What the task requires = Write out, word for word, every line in the data below from the one containing "牛仔毕竟也是会骑马的,所以天" to the one containing "Skew Flying Fox", both of them included.

Data to examine =

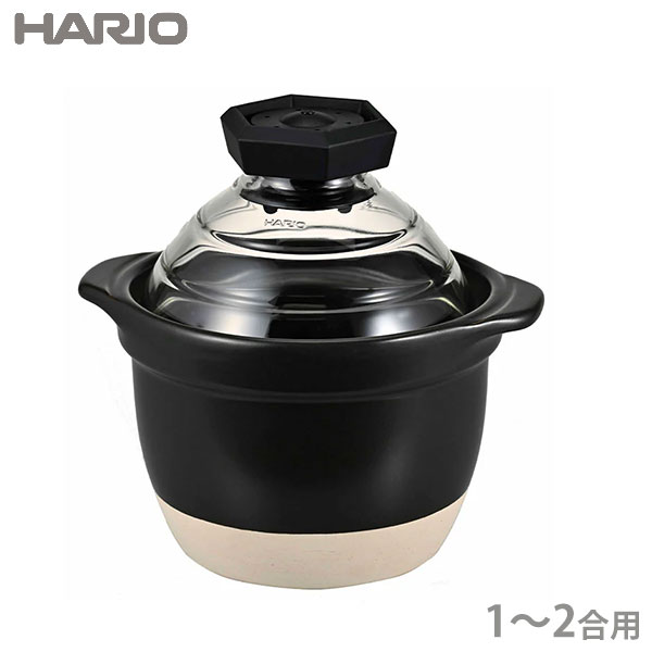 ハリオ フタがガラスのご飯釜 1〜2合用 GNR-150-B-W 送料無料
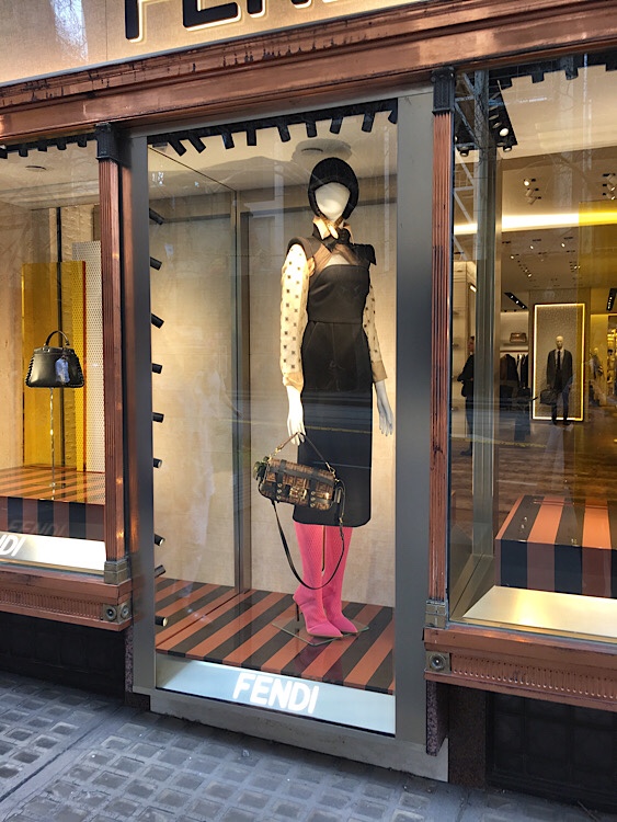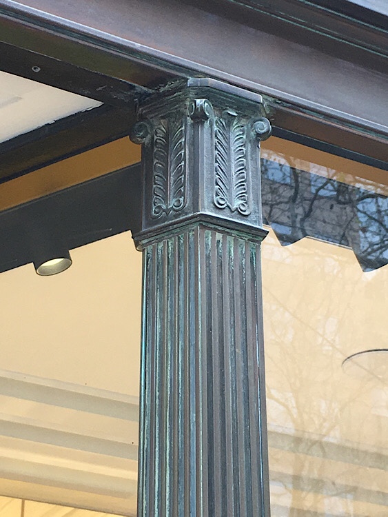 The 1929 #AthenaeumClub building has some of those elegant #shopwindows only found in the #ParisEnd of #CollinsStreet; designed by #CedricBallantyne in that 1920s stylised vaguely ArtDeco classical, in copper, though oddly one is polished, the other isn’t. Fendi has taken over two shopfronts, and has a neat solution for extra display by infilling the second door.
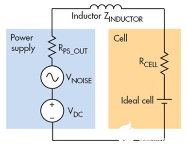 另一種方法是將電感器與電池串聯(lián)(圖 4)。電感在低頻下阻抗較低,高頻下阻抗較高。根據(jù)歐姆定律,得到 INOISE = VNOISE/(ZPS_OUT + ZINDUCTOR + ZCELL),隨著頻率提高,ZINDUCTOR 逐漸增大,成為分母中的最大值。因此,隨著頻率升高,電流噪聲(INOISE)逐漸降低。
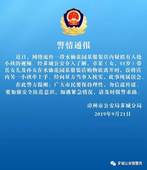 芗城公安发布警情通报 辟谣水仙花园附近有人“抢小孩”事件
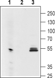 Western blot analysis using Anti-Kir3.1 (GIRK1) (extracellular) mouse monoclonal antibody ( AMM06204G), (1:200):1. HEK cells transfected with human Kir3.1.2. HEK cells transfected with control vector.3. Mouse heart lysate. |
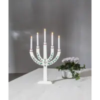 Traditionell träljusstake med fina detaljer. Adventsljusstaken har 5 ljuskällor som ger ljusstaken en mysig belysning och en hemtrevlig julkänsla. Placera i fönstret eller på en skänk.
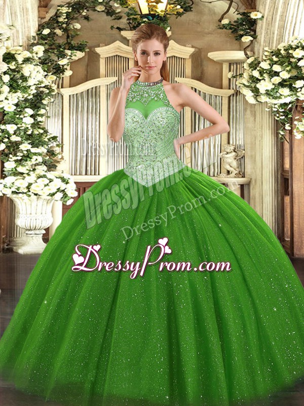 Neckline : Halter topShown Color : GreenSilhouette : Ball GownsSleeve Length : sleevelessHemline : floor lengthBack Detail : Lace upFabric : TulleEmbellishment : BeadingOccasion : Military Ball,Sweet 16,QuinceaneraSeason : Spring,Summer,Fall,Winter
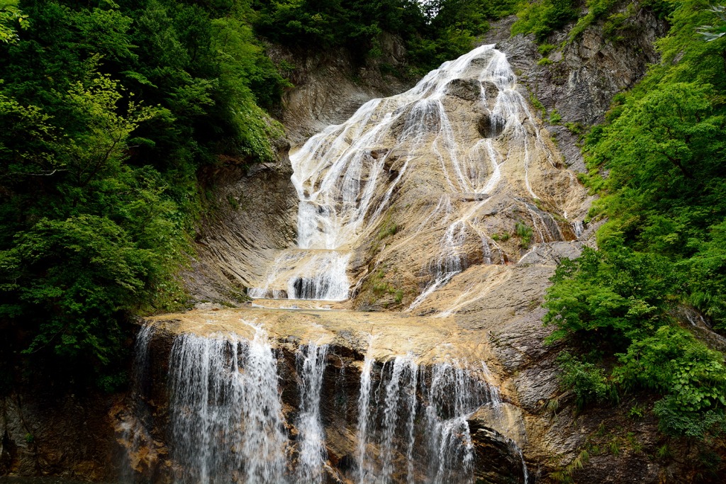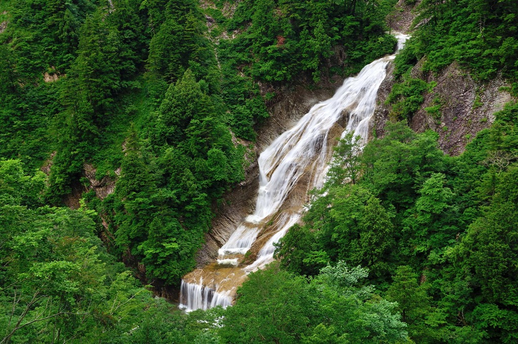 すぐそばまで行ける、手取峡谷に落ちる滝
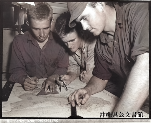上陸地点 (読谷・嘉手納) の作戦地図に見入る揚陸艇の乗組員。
---
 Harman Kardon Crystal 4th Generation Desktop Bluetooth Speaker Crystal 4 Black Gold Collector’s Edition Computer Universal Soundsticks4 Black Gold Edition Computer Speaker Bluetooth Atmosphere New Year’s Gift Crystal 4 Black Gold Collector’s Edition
...
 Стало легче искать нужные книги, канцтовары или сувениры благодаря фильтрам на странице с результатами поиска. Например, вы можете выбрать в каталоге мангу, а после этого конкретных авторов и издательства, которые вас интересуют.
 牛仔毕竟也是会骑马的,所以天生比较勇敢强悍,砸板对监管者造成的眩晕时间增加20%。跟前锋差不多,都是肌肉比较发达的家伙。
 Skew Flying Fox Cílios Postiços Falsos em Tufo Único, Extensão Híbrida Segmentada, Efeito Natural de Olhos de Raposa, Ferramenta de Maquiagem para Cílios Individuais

Task result =
 牛仔毕竟也是会骑马的,所以天生比较勇敢强悍,砸板对监管者造成的眩晕时间增加20%。跟前锋差不多,都是肌肉比较发达的家伙。
 Skew Flying Fox Cílios Postiços Falsos em Tufo Único, Extensão Híbrida Segmentada, Efeito Natural de Olhos de Raposa, Ferramenta de Maquiagem para Cílios Individuais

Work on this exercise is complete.